The foregoing description of the Transition Agreement is not complete and is qualified in its entirety by reference to the Transition Agreement, which will be filed as an exhibit to the Company’s Annual Report on Form 10-K for the year ended December 31, 2025.

 


SIGNATURES

Pursuant to the requirements of the Securities Exchange Act of 1934, the registrant has duly caused this report to be signed on its behalf by the undersigned hereunto duly authorized.

 

      STANDARDAERO, INC.

Date: November 7, 2025

    By:  

/s/ Michael Kaplan

      Michael Kaplan
      Chief Legal Officer

FAQ

What change did StandardAero (SARO) report in this 8-K/A?

It added the executed transition agreement terms for former President, Component Repair Services, Kimberly Ashmun, following her succession by Gregory Krekeler on September 22, 2025.

What severance will Kimberly Ashmun receive from StandardAero (SARO)?

A lump-sum cash severance of $222,500, equal to six months of her annualized base salary, paid shortly after the separation date.

How are Kimberly Ashmun’s equity awards treated?

207,315 restricted shares will remain outstanding and vest immediately prior to a “Liquidity Event,” while all other equity awards are forfeited at separation.

What is the separation date and transition period for StandardAero (SARO)?

Transition services run from September 22, 2025 through December 31, 2025, the planned separation date unless ended earlier.

Will Kimberly Ashmun receive a 2025 bonus from StandardAero (SARO)?

Yes.

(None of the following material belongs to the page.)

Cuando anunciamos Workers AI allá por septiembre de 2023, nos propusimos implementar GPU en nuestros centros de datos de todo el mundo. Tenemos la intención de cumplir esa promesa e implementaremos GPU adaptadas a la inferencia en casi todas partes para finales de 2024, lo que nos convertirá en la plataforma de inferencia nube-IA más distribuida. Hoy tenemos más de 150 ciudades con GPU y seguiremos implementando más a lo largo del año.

She will receive her 2025 Annual Incentive Program bonus based on actual performance, paid when amounts are paid to active employees.

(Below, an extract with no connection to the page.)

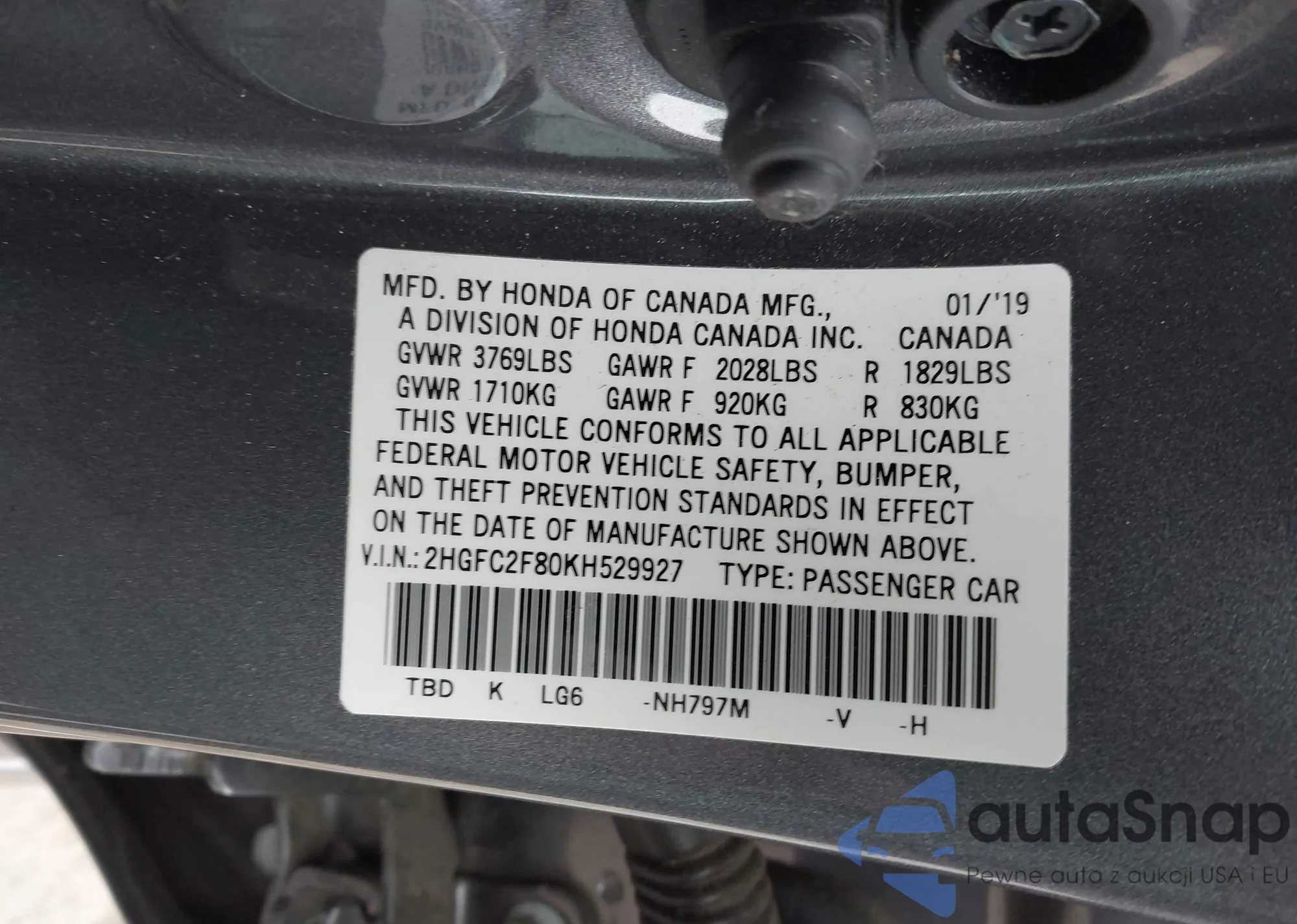 LOT: 44030178 VIN: 2HGFC2F80KH529927

Are there conditions on the severance and equity treatment?

Yes. They require completion of transition services, an effective release of claims, and continued compliance with non-competition and non-solicitation obligations.

Where will the full transition agreement be available?

It will be filed as an exhibit to the Company’s Form 10-K for the year ended December 31, 2025.